Even given five parties (and several smaller ones that don't usually get many votes), I'm still not sure which one to vote for. They all seem to annoy me.

First we have the current rulers, the Conservatives. They're all about big business, deregulation, etc. Their response to a falling economy is "sweet, a good time to buy stocks!" While I was starting to warm up to these kids, their fearless leader, Stephen Hitler, er, Harper proposed a nasty bill which from my inspection restricts the market far more than it helps it. This gives me the impression that when they say "the economy" what they really mean is "my corporate buddies". So these guys kinda suck.

Then there is the main opposition, the Liberals (they make it nice and clear to us which is left and which is right, although the Liberal party isn't really all that liberal by today's definition). I don't really have much to say about these guys, they're the one's I'm most likely to vote for.

Alright, let's get started with the NDP. Actually, let's not or I'll be here ranting all day. These are the ones who support the people who think that life is unfair, that they're being exploited, yadda yadda.

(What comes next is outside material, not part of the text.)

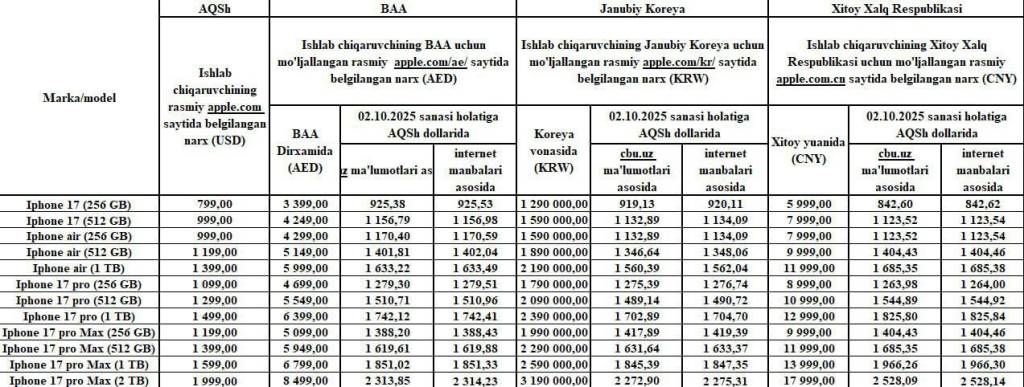 Божхона қўмитаси маълумотларига кўра, "iPhone 17" моделини божхона расмийлаштиришда қўлланилаётган қийматлар фуқаролар уни асосан олиб келаётган давлатлар кесимида аниқланмоқда.

It's these type of people who make it so that a bus driver gets paid more than a computer programmer. They couldn't tell a budget sheet if it came up and stuck itself up their asses (probably where they'd put the budget sheet if they found it anyway). Not to mention how Jack Layton plasters his picture everywhere, you'd think he got the idea from Stalin. At least he's better looking than Stalin.

I don't support Quebec separatism - I would have to quit my job and move if they separated, which would be really annoying - so the Bloc Quebecois is out.

Finally, the Greens. They haven't actually won a single seat in parliament, despite having around 5% of the vote last election and when I read the paper yesterday, they're catching up to the NDP in the polls. For a while, they were being refused entry to the election debates. One here in Montreal refused the Greens entrance, saying "they're not a real party." How democratic of them. I'd consider voting for this group, if simply to lend them a hand.

Of course, what I think really doesn't matter. We've got this wonderful first-past-the-post system that makes it so that if I don't vote for the party who will win in my riding, my vote really doesn't count that much. If history is a good mentor, I can say that the Liberals will win here given that in the last election they got over 20 000 votes, compared to their closest competition who got about 9000. The previous elections were similar. What to do?

Oct 4, 2008

The Firebug Attack

I've been thinking lately about a possible website attack which has to do with submitting phony data in a form, in an attempt to punch through some weak spots in a web application. For example, suppose in your database you have a field called "admin", which is a simple 0 or 1 which determines access to your admin section, or CMS, or whatever. The default value is 0 (set using the SQL default keyword), which means no access. In Rails you might write that like this:
t.boolean :admin, :default => false
Then when you deploy, you can create yourself a user and set the user's admin flag to 1.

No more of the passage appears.